TL;DR — Framework Pick by Shop-Floor Workload

  • PLC / SCADA telemetry agentsLangGraph. State-machine model matches a PLC tick; checkpointing survives flaky OT networks.
  • ERP / MES reconciliationAutoGen. Multi-agent conversation fits supplier-invoice and WMS arbitration.
  • Operator-facing assistantsCrewAI. Role-based abstraction maps cleanly to operator/maintenance/safety personas.
  • Mixed deployments win — LangGraph as orchestrator with CrewAI sub-crews and AutoGen for reasoning loops is the pattern we ship most often.
  • What survives the factory isn't the framework — it's checkpointing, deterministic state, and bounded token budgets.

Every other week a tech lead at a manufacturing client asks us the same question — "Which agent framework should we actually build on for our shop-floor automation?" We've shipped production agents on LangGraph, AutoGen, and CrewAI over the last 18 months at hjLabs.in for agentic AI development — including next to our own AutoCut V2 wire-cutter line in Gandhinagar — and the honest answer is: it depends on whether the agent talks to a PLC, an ERP, or an operator. This article is the comparison we wish someone had given us when we started: opinionated, framework-specific, and grounded in what survives the realities of a factory deployment.

This is not a benchmark post. Benchmarks on toy tasks tell you almost nothing about how a framework behaves when a Modbus poll times out at 2 a.m., a vision-tool returns malformed JSON because a camera lens fogged up, or the plant manager asks for a human approval step on step 7 of a 12-step changeover workflow. What follows is a field report from real deployments, including the parts that hurt.

The elevator pitches

CrewAI models agents as roles on a crew. You define agents (operator, maintenance lead, safety supervisor), give them goals and backstories, and compose them into sequential or hierarchical "crews" that complete tasks. The mental model is a small team of specialists delivering a deliverable.

LangGraph models agents as a state graph. You define nodes (functions that mutate state), edges (transitions, conditional or static), and a reducer for state updates. The mental model is a finite-state machine with LLM-powered nodes — which is exactly how a PLC engineer already thinks.

AutoGen (we'll focus on v0.4+, which was a near-total rewrite from v0.2, documented in the original AutoGen paper) models agents as asynchronous actors that exchange messages. Conversations between agents drive the work forward. The mental model is a group chat where each participant has different skills and tools.

All three support tool use, multi-LLM routing, and memory in some form. Where they diverge is in control flow, observability, and what "production-ready" means on an OT network.
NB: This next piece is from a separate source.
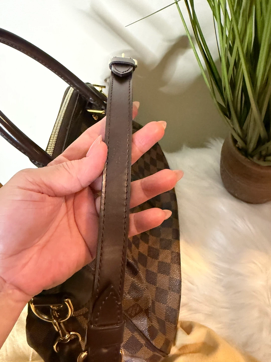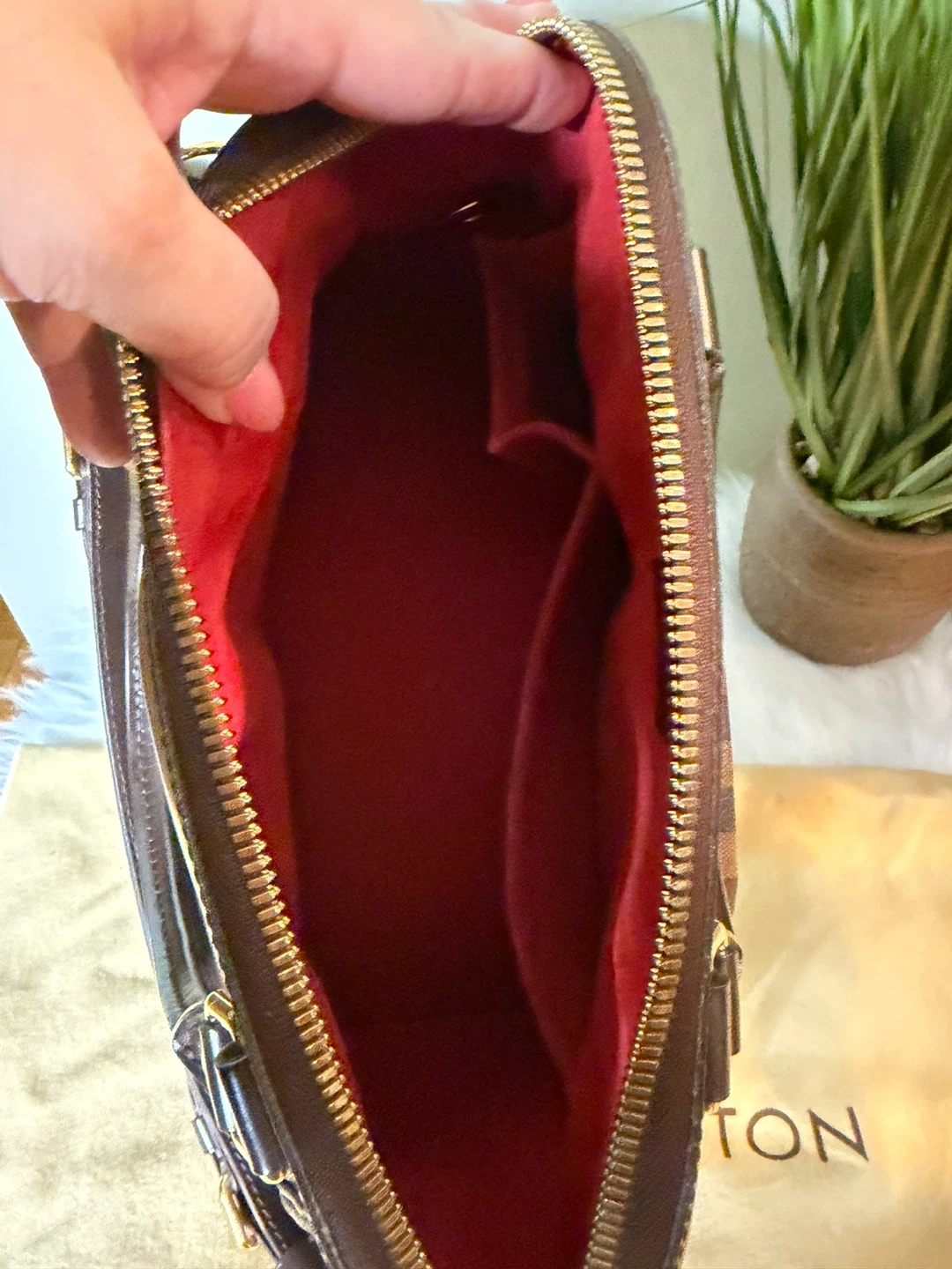 Selling a Louis Vuitton Damier Ebene Alma handbag. The classic checkered pattern and structured design make it a timeless piece! It's in great condition and comes with its original dust bag.

CrewAI: opinionated, clean, linear-friendly

CrewAI's strength is that it gets out of your way on the 70% of use cases that are essentially a pipeline of specialist steps. Inspect, then classify, then escalate, then format the work order. You don't fight the framework to express that. The Crew, Agent, and Task abstractions read well, onboarding a new automation engineer takes an afternoon, and the built-in hierarchical process (where a manager agent delegates to workers) is genuinely useful for shift-handover and morning-meeting style workloads.

Where it creaks on a factory floor:

  • Branching and loops: any workflow with "if vibration above threshold X, loop back to recalibration" ends up with you writing meta-orchestration around CrewAI rather than inside it. The framework is not built around arbitrary graph traversal.
  • State management: context gets passed implicitly between tasks. For anything beyond a handful of steps, you will want structured state, and that is awkward in the crew abstraction.
  • Error recovery: the default behavior on a tool failure or malformed LLM output is to surface the exception. Wrapping retries, fallbacks, and partial-progress recovery is DIY.
  • Observability: there is built-in logging and a paid CrewAI Plus tier for traces, but for serious production debugging you end up plugging in Langfuse, Arize, or your own OpenTelemetry layer feeding into the plant's historian.
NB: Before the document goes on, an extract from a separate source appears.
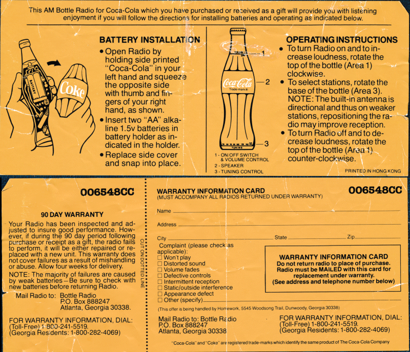 This AM Coke bottle transistor radio from 1979 is the same size as a 6½ ounce Coke Bottle of the time.

Ideal use cases: shift-handover summaries, daily SOP-driven inspections, document summarization for incident reports, anything that reads as "first do A, then B, then C, and the shape doesn't change per run." See the CrewAI docs for crew composition patterns.

Avoid when: you need cyclic control flow tied to sensor readings, long-running jobs with resumability across PLC reboots, or fine-grained checkpointing per step.

LangGraph: verbose, powerful, production-shaped

LangGraph is what we reach for when the workflow has loops, conditional branches, or needs to survive a process restart — which on a factory network happens more often than anyone admits. The graph-first model is close to how production distributed systems are actually designed: explicit states, explicit transitions, explicit failure modes. PLC engineers take to it immediately because it maps onto ladder-logic intuition.

The headline features that matter in production:

  • Checkpointing: state is persisted at each node boundary (SQLite, Postgres, Redis). If the process dies during a network blip on the OT VLAN, you resume from the last checkpoint. This alone makes it the only serious choice for anything running longer than a few minutes inside a plant.
  • Human-in-the-loop: the interrupt primitive lets you pause a graph, surface state to a maintenance lead, and resume after an approval or correction. We use this heavily for agents that write setpoints to live equipment.
  • Streaming: per-node streaming of tokens, state updates, and tool calls. Makes it realistic to build a responsive HMI overlay on top of a multi-step agent.
  • Deterministic reducers: state updates are explicit and testable. You can write unit tests against individual nodes with mocked LLMs and mocked Modbus responses, which is borderline impossible in the free-form chat frameworks.
  • LangSmith integration: native tracing. If you're already in the LangChain ecosystem, observability is essentially free. Full reference at the LangGraph documentation.

The costs are real:

  • Learning curve: engineers new to the framework need a week or two to internalize graphs, reducers, and channels. If your team doesn't have someone with state-machine instincts, you'll write bad graphs that look like pipelines.
  • Boilerplate: a trivial workflow takes more code than its CrewAI equivalent. The payoff shows up at complexity.
  • LangChain dependency surface: you inherit a large package graph and its version churn. Pinning and reproducibility matter — especially when the IT department audits every dependency on the OT side.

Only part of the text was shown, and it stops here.